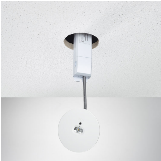
Installation of EM120B in 68 mm hole
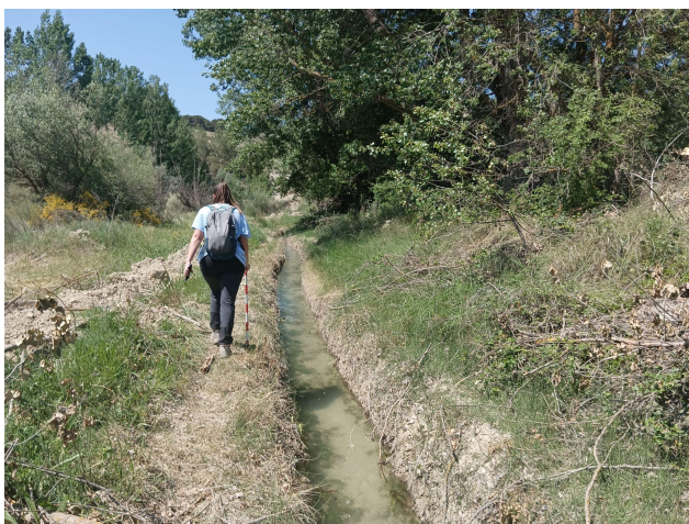
4. Field work in Castril(Image: Celia López)
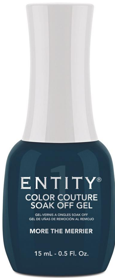
More The Merrier
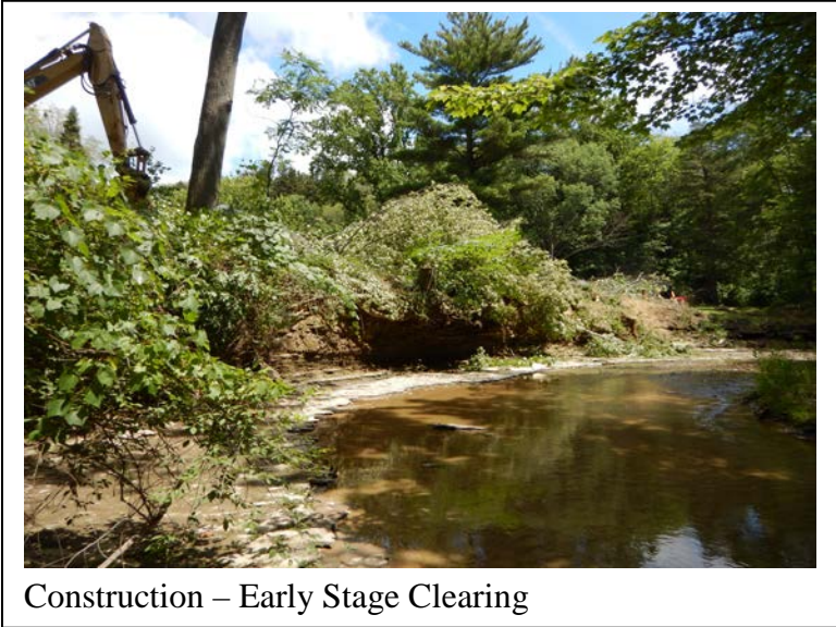
Construction – Early Stage Clearing
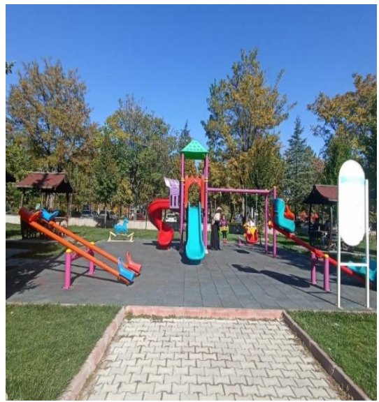
Figure 3. Children's playground in the garden of Selcuk University Faculty of Medicine hospital
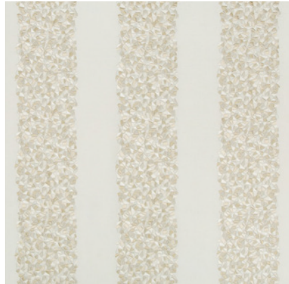
Sagano - Alabaster
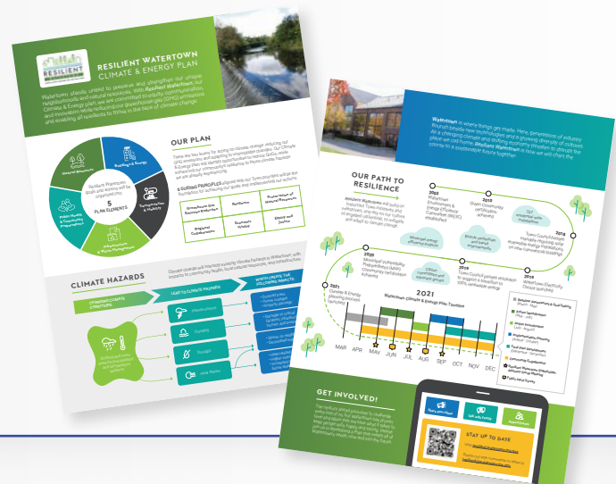
Resilient Watertown Plan Overview Fact Sheet
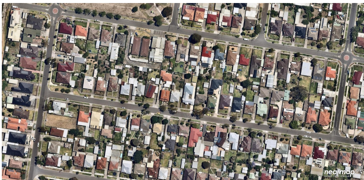
Figure 3: Large plots of land with gardens

A professional transcription service transcribed the interviews' audio recordings and these were imported into Nvivo (qualitative analysis software) for analysis. For the purposes of this paper, the analysis focused on identifying patterns of use and perceptions of greenspaces and private gardens in Sunshine North. Thematic analysis of the interviews facilitated coding of responses into a range of topics.
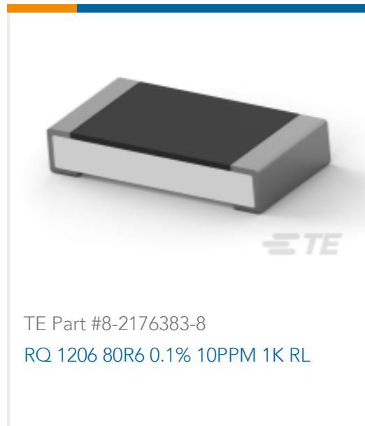
TE Part #8-2176383-8 RQ 1206 80R6 0.1% 10PPM 1K RL
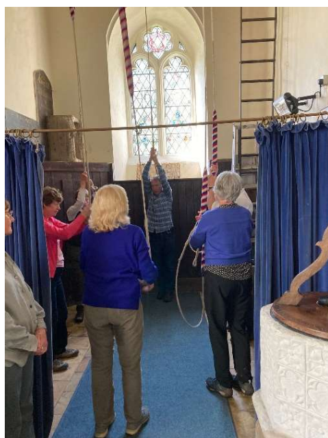
Ringling at Rushden

At Rushden, there was a Vegan/Vintage Day in the village and the locals made us very welcome and many enjoyed a very good vegan curry for lunch.
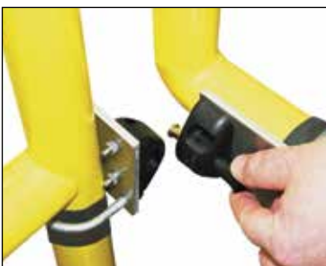
Gate Latch Locks gate in closed position

The Bil-Guard® is a fixed railing system that provides a permanent means of fall protection for hatch openings.
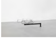
Bradley Marshall Waistline and Timeframe , 2025 Sand-blasted steel, stainless steel rigging wire, powder coated steel, high school ring, epoxy, plastic cup 45 × 29 1/2 × 15 in (114.3 × 74.9 × 38.1 cm) BM25SC001
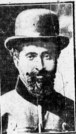
Ras Tafari Mohonnen, ruler of Abyssinia, who claims to be a descendant of the queen of Sheba. He has protested to the League of Nations against the recent Anglo-Italian agreement. Mr. Chamberlain has explained that the terms are subject to the voluntary consent of Abyssinia.

Such are a very few of the considerations which show that for every type of animal there is an optimum size. And just as there is a best size for every animal, so the same is true for every human institution. In the Greek type of democracy all the citizens could listen to a series of orators and vote directly on
----
_TASK BRIEF_.
Gather each line in the data that holds the string "very".

_RESPONSE BELOW_.
At Rushden, there was a Vegan/Vintage Day in the village and the locals made us very welcome and many enjoyed a very good vegan curry for lunch.
Such are a very few of the considerations which show that for every type of animal there is an optimum size. And just as there is a best size for every animal, so the same is true for every human institution. In the Greek type of democracy all the citizens could listen to a series of orators and vote directly on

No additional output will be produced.